▸ **About this task**: Read the lines of the data below and retrieve those with "from".

▸ **Input for this task**:
# # # # #
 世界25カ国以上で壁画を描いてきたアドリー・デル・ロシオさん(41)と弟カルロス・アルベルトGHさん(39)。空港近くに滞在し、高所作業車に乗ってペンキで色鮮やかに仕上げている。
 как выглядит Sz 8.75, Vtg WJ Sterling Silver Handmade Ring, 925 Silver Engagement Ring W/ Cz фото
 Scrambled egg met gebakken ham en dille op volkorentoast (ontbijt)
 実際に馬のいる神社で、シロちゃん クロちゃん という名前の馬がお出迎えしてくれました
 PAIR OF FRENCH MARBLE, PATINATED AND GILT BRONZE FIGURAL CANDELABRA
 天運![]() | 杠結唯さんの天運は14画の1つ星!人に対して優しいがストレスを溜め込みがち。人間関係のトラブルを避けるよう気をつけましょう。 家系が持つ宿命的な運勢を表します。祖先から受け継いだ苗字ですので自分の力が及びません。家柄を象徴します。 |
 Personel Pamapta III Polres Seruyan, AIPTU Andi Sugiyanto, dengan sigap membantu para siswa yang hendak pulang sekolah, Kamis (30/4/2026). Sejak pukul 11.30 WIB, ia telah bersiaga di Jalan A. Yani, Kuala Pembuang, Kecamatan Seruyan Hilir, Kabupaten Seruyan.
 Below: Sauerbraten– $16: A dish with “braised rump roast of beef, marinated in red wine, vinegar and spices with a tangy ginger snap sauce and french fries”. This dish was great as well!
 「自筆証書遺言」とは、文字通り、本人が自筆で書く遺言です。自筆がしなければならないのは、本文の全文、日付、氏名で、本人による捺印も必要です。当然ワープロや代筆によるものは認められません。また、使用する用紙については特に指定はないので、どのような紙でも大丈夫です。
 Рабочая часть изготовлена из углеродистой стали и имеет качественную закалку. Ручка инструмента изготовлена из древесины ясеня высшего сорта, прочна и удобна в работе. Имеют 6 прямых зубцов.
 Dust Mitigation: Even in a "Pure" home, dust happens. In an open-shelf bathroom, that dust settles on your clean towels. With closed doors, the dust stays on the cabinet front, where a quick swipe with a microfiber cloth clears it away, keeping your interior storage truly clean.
# # # # #
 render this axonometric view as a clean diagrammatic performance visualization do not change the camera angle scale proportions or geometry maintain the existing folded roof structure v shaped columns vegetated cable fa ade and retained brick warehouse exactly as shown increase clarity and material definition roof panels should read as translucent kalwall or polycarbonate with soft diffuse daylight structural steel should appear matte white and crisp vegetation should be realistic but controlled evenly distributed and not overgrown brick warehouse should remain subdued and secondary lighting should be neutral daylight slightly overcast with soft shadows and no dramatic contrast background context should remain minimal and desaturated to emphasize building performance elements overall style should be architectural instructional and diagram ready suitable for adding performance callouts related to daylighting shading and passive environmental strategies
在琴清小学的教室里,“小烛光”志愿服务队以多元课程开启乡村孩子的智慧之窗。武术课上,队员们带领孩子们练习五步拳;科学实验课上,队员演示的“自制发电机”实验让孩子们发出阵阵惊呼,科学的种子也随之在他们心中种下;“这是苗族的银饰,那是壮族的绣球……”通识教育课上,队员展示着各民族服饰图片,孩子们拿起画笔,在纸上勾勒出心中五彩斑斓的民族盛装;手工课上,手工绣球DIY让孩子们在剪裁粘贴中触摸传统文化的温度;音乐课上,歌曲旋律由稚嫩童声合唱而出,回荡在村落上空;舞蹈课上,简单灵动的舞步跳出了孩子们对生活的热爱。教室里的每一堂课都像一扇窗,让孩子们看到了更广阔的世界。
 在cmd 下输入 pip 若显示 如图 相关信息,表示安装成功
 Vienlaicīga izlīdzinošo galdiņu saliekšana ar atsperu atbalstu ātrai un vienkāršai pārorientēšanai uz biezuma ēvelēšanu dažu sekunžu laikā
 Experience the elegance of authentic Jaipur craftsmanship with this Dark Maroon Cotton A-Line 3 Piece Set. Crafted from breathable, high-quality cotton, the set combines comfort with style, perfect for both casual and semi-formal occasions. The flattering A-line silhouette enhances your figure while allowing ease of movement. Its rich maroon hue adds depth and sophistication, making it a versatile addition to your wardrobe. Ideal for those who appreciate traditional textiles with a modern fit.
# # # # #
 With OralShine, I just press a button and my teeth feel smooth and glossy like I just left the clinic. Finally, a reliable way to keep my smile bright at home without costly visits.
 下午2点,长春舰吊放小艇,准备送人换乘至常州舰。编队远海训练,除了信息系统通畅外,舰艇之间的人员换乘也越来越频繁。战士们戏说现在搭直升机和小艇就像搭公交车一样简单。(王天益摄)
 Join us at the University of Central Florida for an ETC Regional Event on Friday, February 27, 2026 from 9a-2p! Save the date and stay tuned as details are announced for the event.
# # # # #
▸ **The completed task**:
 Experience the elegance of authentic Jaipur craftsmanship with this Dark Maroon Cotton A-Line 3 Piece Set. Crafted from breathable, high-quality cotton, the set combines comfort with style, perfect for both casual and semi-formal occasions. The flattering A-line silhouette enhances your figure while allowing ease of movement. Its rich maroon hue adds depth and sophistication, making it a versatile addition to your wardrobe. Ideal for those who appreciate traditional textiles with a modern fit.
 Join us at the University of Central Florida for an ETC Regional Event on Friday, February 27, 2026 from 9a-2p! Save the date and stay tuned as details are announced for the event.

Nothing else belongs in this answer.